A bill expanding the amount of bonding available for the project was pushed through the House on Monday night without having had a hearing, raising concern about the actual cost of the facility that will replace the state prison at Point of the Mountain.
Rep. Gage Froerer, R-Huntsville, the sponsor of the bonding bill, HB460, and others spoke at a news conference Tuesday to answer questions about the need for more money for the prison expected to be completed in 2020.
"There has been some confusion and some questions about whether this was a cost overrun on the prison itself," Froerer said. "Let me be clear that this is not related to any cost overruns. This has entirely to do with infrastructure to that site."
The $550 million cost for the prison was for the 4,000-bed facility itself, he said, and did not cover some 8 miles of roads, water, sewer and other infrastructure needs that will be partially paid for by Salt Lake City and area businesses.
In December, the Legislature's Prison Development Commission was told the infrastructure needs would add $100 million to the $550 million project, and about $35 million would be repaid by those benefiting from the improvements.
Gov. Gary Herbert included a recommendation for bonding for the $100 million in his proposed budget released later that month, calling the infrastructure "a key factor in spurring the economic development of Salt Lake's northwest quadrant."
The governor said Tuesday during his weekly media access that reporters "haven't all got this right when it comes to state prison," and that the cost was always estimated to be $650 million.
"The extra $100 million, well, it's not extra. It is just bonding in advance" and part of his budget, Herbert said. "So this has not been rushed through. It has not been hidden. It has been open and ascertainable to anybody who reads the budget."
Marliee Richins, spokeswoman for the Utah Department of Administrative Services, said at the news conference it should have always been clear that infrastructure needs would add to the brick and mortar cost.
"It wasn't that that snuck up on us it, it's that that was dependent on the site that was chosen," she said, noting infrastructure expenses were taken into account in the selection process.
Richins said the Salt Lake site "is the most economical when you think of operational expenses long term. But we always knew that site was going to be expensive when you consider the initial investment into infrastructure."
The reason is that the 350-acre site, located amid wetlands, is "so remote and there's environmental challenges out there," she said. Those challenges will require extensive site preparation, including landfill.
Salt Lake City officials fought being selected as the site for the prison relocation for those reasons but are now hoping to take advantage of the new infrastructure to develop the 4,000-acre area.
Jim Russell, assistant director of the state Division of Facilities Construction Management, who is overseeing the project, said about $10 million more than expected has been spent to deal with the soil conditions on the site.
Russell said construction cost overruns, already impacting the airport expansion, are "a big concern to us. We've been tracking that very closely." He said contracts are being locked down to help curb escalating labor expenses.

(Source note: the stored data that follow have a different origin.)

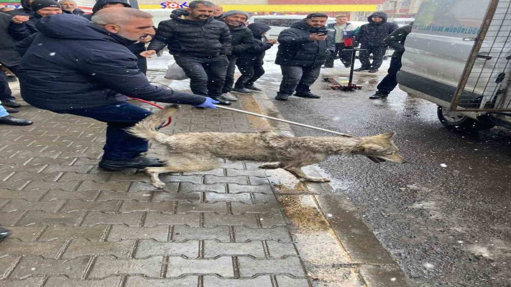 Bingöl’de bir lastikçiye giren ve kısa süreli paniğe neden olan kurt, belediye ekiplerince yakalandı.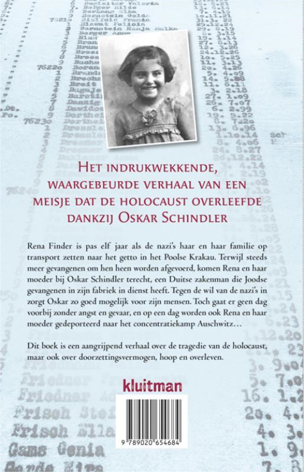 Rena Finder is pas elf jaar als de nazi’s haar en haar familie op transport zetten naar het getto in het Poolse Krakau. Terwijl steeds meer gevangenen om hen heen worden afgevoerd, komen Rena en haar moeder bij Oskar Schindler terecht, een Duitse zakenman die Joodse gevangenen in zijn fabriek in dienst heeft. Tegen de wil van de nazi’s in zorgt Oskar zo goed mogelijk voor zijn mensen. Toch gaat er geen dag voorbij zonder angst en gevaar, en op een dag worden ook Rena en haar moeder gedeporteerd naar het concentratiekamp Auschwitz… Dit boek is het aangrijpende verhaal over de tragedie van de holocaust, maar ook over doorzettingsvermogen, hoop en overleven.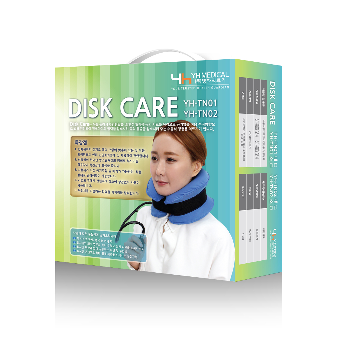 reduces neck pain by reducing the pressure on the cervical spine by expanding and towing air pressure
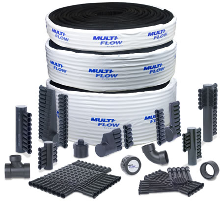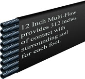 Collecting water – Water can enter a Multi-Flow drain more readily because Multi-Flow has greater surface area than traditional round pipe. The more drainage product that is in contact with surrounding saturated soil, the more quickly drainage can take place.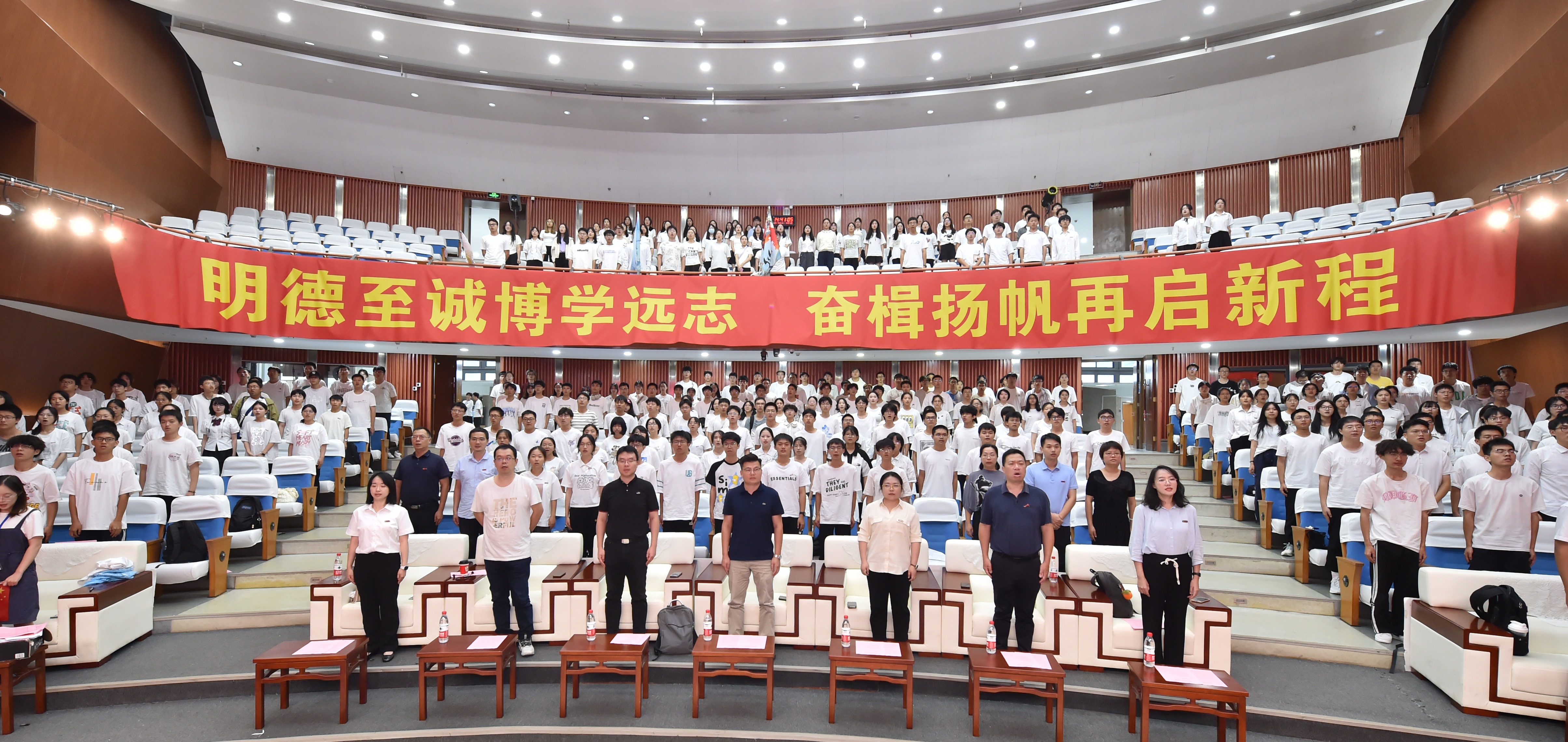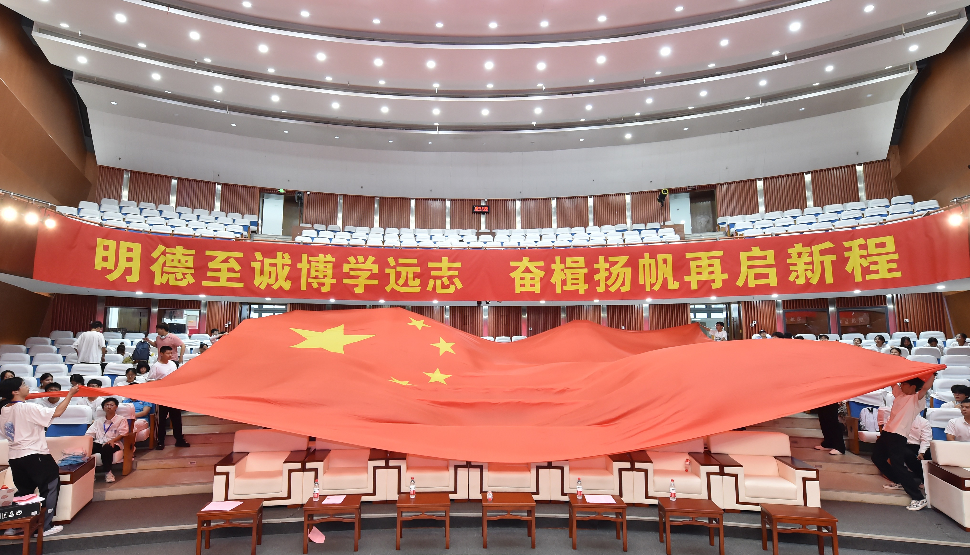 在典礼开始前,与会师生在四位2024级本科新生的带领下一同合唱歌曲《我相信》。伴随着朝气蓬勃的歌声,2024级新生班级代表挥舞手中的班旗。由研究生和本科生12个新生班级同学自行设计的班旗在手中摇曳飘扬,寓意着他们即将在未来的广阔天地中扬帆启航,乘风破浪。随着歌曲的结束,舞动的巨幅国旗如同生生不息的火焰铺展在眼前,新生们齐声高呼“生而闪耀,工无不克,心怀祖国,青春担当”的口号,正式开启开学典礼的序章。

Democrats in the House and Senate raised concerns about the bond.
When the bill came before the Senate on Tuesday, Assistant Minority Whip Luz Escamilla, D-Salt Lake City, said lawmakers "chose the most expensive site" in terms of construction costs even though other locations might have been better suited for the project.
"Now we're paying the consequences," Escamilla said.
HB460 passed the Senate 23-4. Because it was amended in the Senate, the bill returned to the House.
The Senate sponsor of the bond bill, Sen. Wayne Harper, R-Taylorsville, said backers "ran out of time" to hold a legislative hearing because the bill got a late start. He said lawmakers had hoped to pay for the infrastructure costs without a bond.
Senate Budget Chairman Jerry Stevenson, R-Layton, co-chairman of the Prison Development Commission, said lawmakers could have waited to bond for the $100 million by using existing bonding authority.
"I would much rather do it the way we're doing it than spring a $100 million bond out two years or three years from now because that would look like we had a shortfall," Stevenson said. "I think that's a pretty bad optic."